- Born: March 11, 1763 Frederick County, Virginia
- Died: April 14, 1816 (aged 53) Nashville, Tennessee

= Joshua Baker (Mississippi politician) =

Territorial council (1763–1816)

Joshua Baker (March 11, 1763 – April 14, 1816), often called Col. Baker, was an American soldier, "Kaintuck" boatman, merchant, slave trader, and politician. In the late 18th century he fought Indians in pioneer Kentucky and Tennessee, and the Northwest Territory, and participated in the 1799 Kentucky constitutional convention. By 1800 he was a flatboat man and slave trader, toting goods, livestock, and people down the Mississippi River to New Orleans and Natchez markets. He was robbed by a famous highwayman on one return trip up the Natchez Trace. At the time of the Burr conspiracy, the acting territorial governor assigned him to reoccupy Fort Adams with a small force and lie in wait for Aaron Burr's flotilla. He served on the Mississippi territorial legislative council from 1806 to 1809, and eventually got into a feud with the territorial governor Robert Williams. He relocated to the Attakapas district of Louisiana around 1810 and had a plantation there. He led a Louisiana militia regiment and fought alongside John Coffee at the Battle of New Orleans. Baker died suddenly in Nashville in 1816.

== Biography ==
Baker was said to have been born in Frederick County, British province of Virginia, in 1763. Another account has it that he was from Berkeley County, Virginia.

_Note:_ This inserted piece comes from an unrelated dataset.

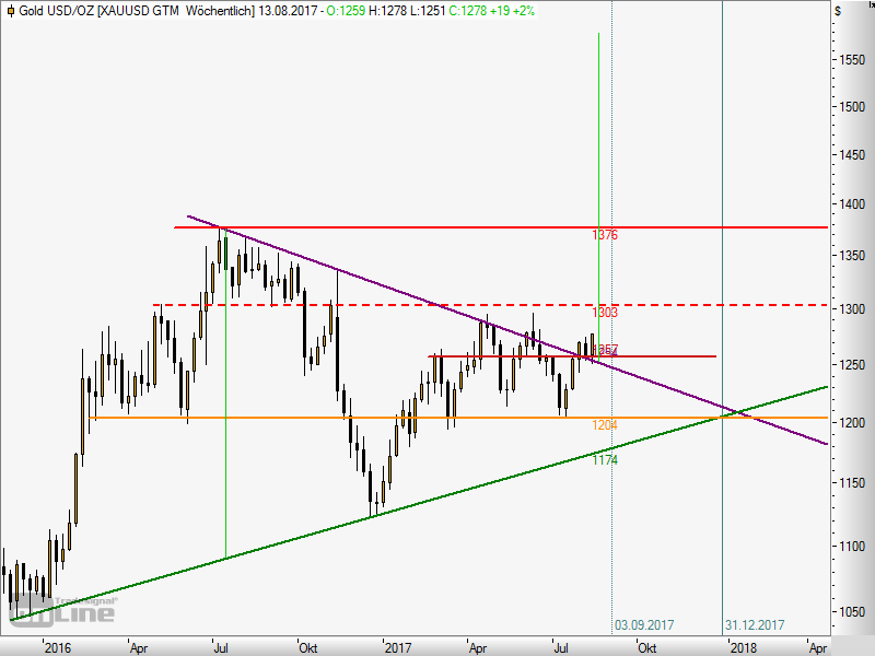 Widerstand Gold bei ca. 1300.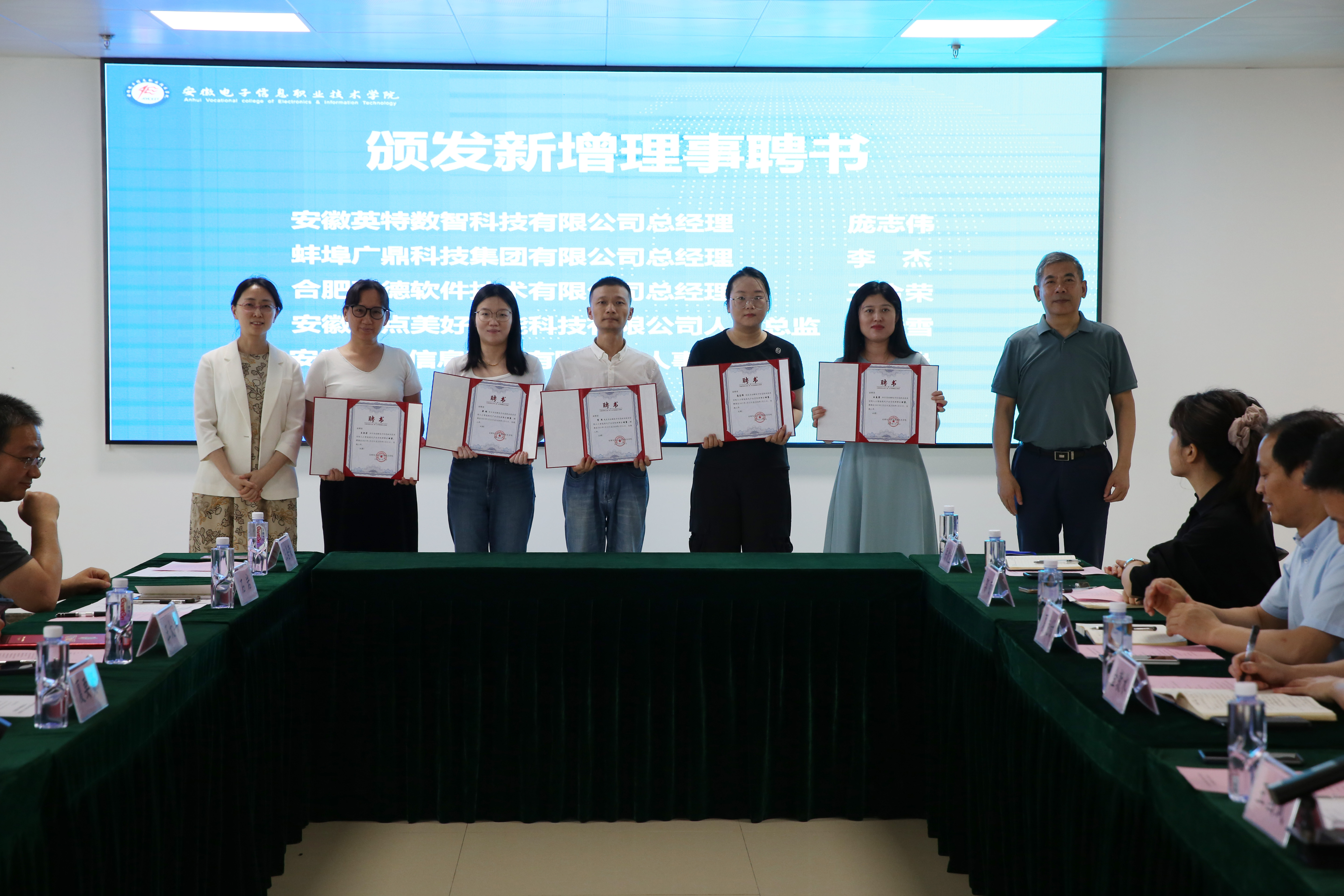 会上,王国武为安徽奇智科技有限公司董事长王大年、安徽莲雾物联网科技有限公司总经理王传福颁发了学院省级产业教授聘书,与理事长马季共同为产业学院新增理事单位颁发了理事聘书。

According to his obituary he fought in the American Revolutionary War. He reportedly "commanded General Wayne's spy company of the Kentucky troops in 1794" in the Northwest Territory. He seems to have had a busy life and ranged all over the frontier. According to the historical society of Rutherford County, Tennessee, "He was a defender of forts and stations and was at Strodes Station's [in Clark County, Kentucky] at the siege of March 1, 1781. He was on the 1787 Davidson Co. tax roll. He was found on the 1810 & 1820 census of Rutherford Co." He was said to be involved with the early military history of Mason County, Kentucky, where he married Susannah Lewis in June 1790. He was a delegate to the 1799 Kentucky constitutional convention from Mason County along with Philemon Thomas and Thomas Marshall, the latter being a younger brother of Chief Justice John Marshall.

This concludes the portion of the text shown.